Build a RAG application via VerticalAPI

RAG (retrieval-augmented generation) is the most common production LLM pattern in 2026 — combining a vector index, a reranker and a generation model. VerticalAPI lets you mix and match the cheapest embedding provider, the strongest reranker, and the best generation model — all behind one endpoint and one BYOK key per provider.

How it fits together

Indexing job: docs → chunker → Cohere Embed v3 → pgvector/Pinecone. Query path: question → embed → vector search → Cohere rerank → top-K chunks → Claude / GPT generation with citations. Add Redis cache on system prompts for cheap repeated calls.

Working example in python

rag.pythonPython
from openai import OpenAI

client = OpenAI(
    base_url="https://api.verticalapi.com/v1",
    api_key="vapi_...",
    default_headers={"X-Provider-Key": "sk-ant-..."}
)

# 1. Embed query (Cohere via VerticalAPI)
query_emb = client.embeddings.create(
    model="embed-english-v3",
    input=user_question
).data[0].embedding

# 2. Vector search (your DB — pgvector, Pinecone, ...)
chunks = vector_db.search(query_emb, k=20)

# 3. Rerank (Cohere) and pick top 5
top_chunks = rerank(chunks, user_question)[:5]

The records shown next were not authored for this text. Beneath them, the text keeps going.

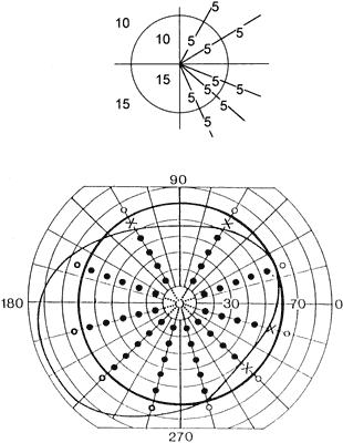 Converting a visual acuity value to a VAS converts the geometic sequence of visual acuity values to a linear scale that can be used for averaging and for other calculations. In the process outlined in the new AMA Guides, this is the first of three steps. The second step is to derive a statistical estimate of the acuity-related abilities of the person. This is done by calculating weighted average of the scores obtained for the right eye, the left eye, and binocularly. Since normal vision is binocular vision, the binocular score receives 60% of the weight; the right eye and left eye receive 20% each. Thus, the formula is FAS = (3 × VASOU + VASOD + VASOS) ÷ 5. The result is called the Functional Acuity Score (FAS). The last step is to combine the FAS with a similarly derived functional field score (FFS) to a single functional vision score (FVS), as indicated in Figure 18. Visual Field Score A similar scoring system can be developed for visual field loss. While visual acuity loss may manifest itself primarily in a loss of reading ability, visual field loss affects another set of ADL skills, commonly covered under the term orientation and mobility (O&M) skills. The importance of these skills is obvious, but designing a good measurement tool for O&M skills is difficult. The technical aspects of visual field measurement have been discussed elsewhere. Modern static perimetry plots are a great help in defining the underlying disorder; they are harder to interpret with regard to the functional consequences. Traditional Goldmann isopters were easier to interpret in this regard. Also, for diagnostic purposes, the central 30 degrees are the most informative, whereas a full-field plot is needed to predict O&M skills. Capturing all aspects of visual field loss in a single number is a serious oversimplification of a complex reality. Nevertheless, it has been attempted because of administrative demand. The old AMA Guides offered two options: a formula-based calculation and use of overlay grids. The formula gave equal weight to the upper and lower field and to peripheral and central loss. The overlay grids, designed by Esterman,53–55 gave double weight to the lower field and concentrated most weight in the Bjerrum area. The two methods do not give the same result and differ from the traditional legal blindness criterion (20-degree diameter, 10-degree radius). The new AMA Guides use a method that can be implemented with paper and pencil or with an overlay grid and that has the potential of being implemented on an automated perimeter.56 Fifty points are assigned to the central 10-degree radius (20-degree diameter), since this area corresponds to about 50% of the primary visual cortex; the other 50 points are assigned to the periphery. The points are arranged along 10 meridians, 3 in each of the lower quadrants and 2 in each of the upper quadrants. This gives the lower field 50% extra weight. Measuring along meridians within the quadrants, rather than along the principal meridians, avoids special rules for hemianopias. Along each of the 10 meridians, 5 points are counted from 0 to 10 degrees and 5 points from 10 to 60 degrees. This maintains the traditional equivalence between a visual acuity loss to 20/200 (0.1) and a visual field loss to 10 degrees, and assigns 100 points to a field of 60-degree average radius. The assignments are summarized in Figure 19. Similar to the VAS, which can be calculated as the number of letters read on a standardized chart, the visual field score (VFS) can be calculated as the number of points seen on a standardized grid. Table 7 compares the VAS with ranges of reading skills and the VFS with ranges of O&M skills. There is reasonable agreement, indicating that the VFS is a reasonable estimate of O&M ability. The next step is to combine the VFSs obtained for the right eye, left eye, and binocularly to obtain a statistical ability estimate: the FFS. As for the FAS, this is done by averaging. The formula is FFS = (3 × VFSOU + VFSOD + VFSOS) ÷ 5. The binocular visual field is not measured directly but constructed by superimposition of the monocular fields. Combining Visual Acuity and Visual Field Values After the FAS and the FFS have been calculated, they can be combined to a single FVS for the whole person. The formula is FVS = (FAS × FFS) ÷ 100. The process is summarized in Figure 18. For more detailed rules, refer to the AMA Guides.4 |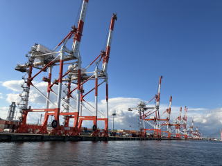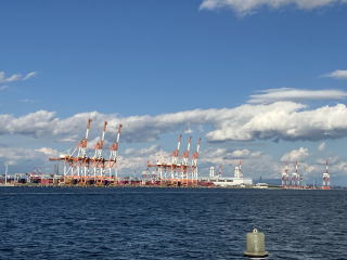 名古屋港に入港 クレーン群と貨物船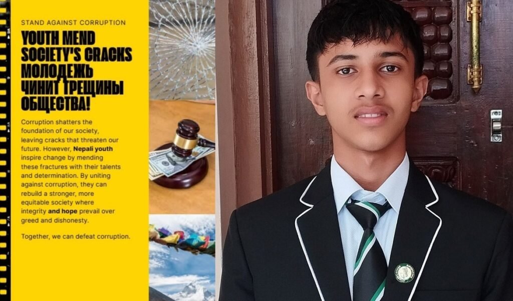 काठमाडौँ । भ्रष्टाचारविरुद्धको सशक्त सन्देशलाई कलात्मक अभिव्यक्तिमा उतार्दै नेपालका १५ वर्षीय विद्यार्थी अनुराग पंगेनीले अन्तर्राष्ट्रिय स्तरमा देशको नाम उज्यालो पारेका छन् । सन् २०२५ का लागि आयोजित भ्रष्टाचारविरोधी सामाजिक विज्ञापनसम्बन्धी अन्तर्राष्ट्रिय युवा प्रतियोगितामा उनले तेस्रो स्थान हासिल गरेका हुन् ।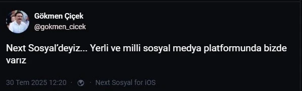 Vali Çiçek konu ile ilgili yaptığı paylaşımda, "Next Sosyal’deyiz. Yerli ve milli sosyal medya platformunda bizde varız" ifadelerine yer verdi.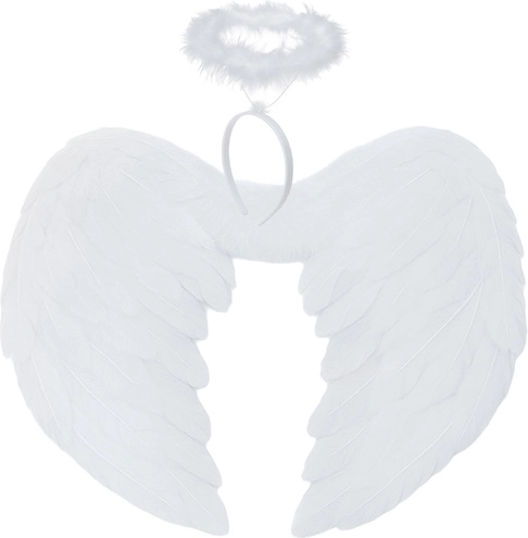 Lichte, witte engelenvleugels met een donzige halo op een haarband zijn de perfecte accessoire voor carnaval, Halloween, kerstspel, fotoshoots en theatervoorstellingen. Dankzij de elastische bandjes zitten ze comfortabel en passen ze uitstekend. Realistisch “natuurlijk” verenwerk, sneeuwwitte kleur en een volledige set vleugels met halo geven elk kostuum subtiliteit en een magische sfeer. Ook geschikt als decoratie voor de kamer of scenografie.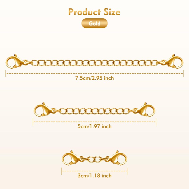 - PACKAGE CONTENT: You will receive 3 gold necklace extenders, 3cm/1.18 inches, 5cm/1.97 inches, 7.5cm/2.95 inches, one for each size. Different sizes can meet your different needs and can be used as extension chains for different jewelry, such as necklaces, bracelets, or anklets.

# 4. Generate with citations
response = client.chat.completions.create(
    model="claude-sonnet-4-5",
    messages=[{
        "role": "user",
        "content": f"Answer using these sources:\n\n{top_chunks}\n\nQ: {user_question}"
    }]
)

Typical cost at production volume

A RAG app serving 50K queries/month with 5 reranked chunks of ~1K tokens each costs roughly $30-90/month: ~$5 embedding (Cohere), ~$10 rerank, $15-75 generation depending on model. Prompt caching on Claude can cut generation cost by 60-80%.

See VerticalAPI plan pricing →

Common questions

Should I use long-context instead of RAG?

If your corpus fits in 200K-2M tokens and queries hit most of it, long-context (Claude Sonnet 4.5 or Gemini 2.5 Pro 2M) often beats RAG on quality and is simpler. RAG wins when corpus is large, queries are narrow, or you need provenance / citations.

Can I use Cohere embeddings with Claude generation?

Yes — that's the killer combo. VerticalAPI handles both providers behind one endpoint: Cohere for embed/rerank, Claude for generation. Add prompt caching to make repeated context cheap.

What's the cheapest embedding option?

Cohere Embed v3 ($0.10 / 1M tokens), text-embedding-3-small (OpenAI, $0.02 / 1M), or BGE on DeepInfra (typically <$0.05). Pick based on retrieval quality on your eval set, not raw price.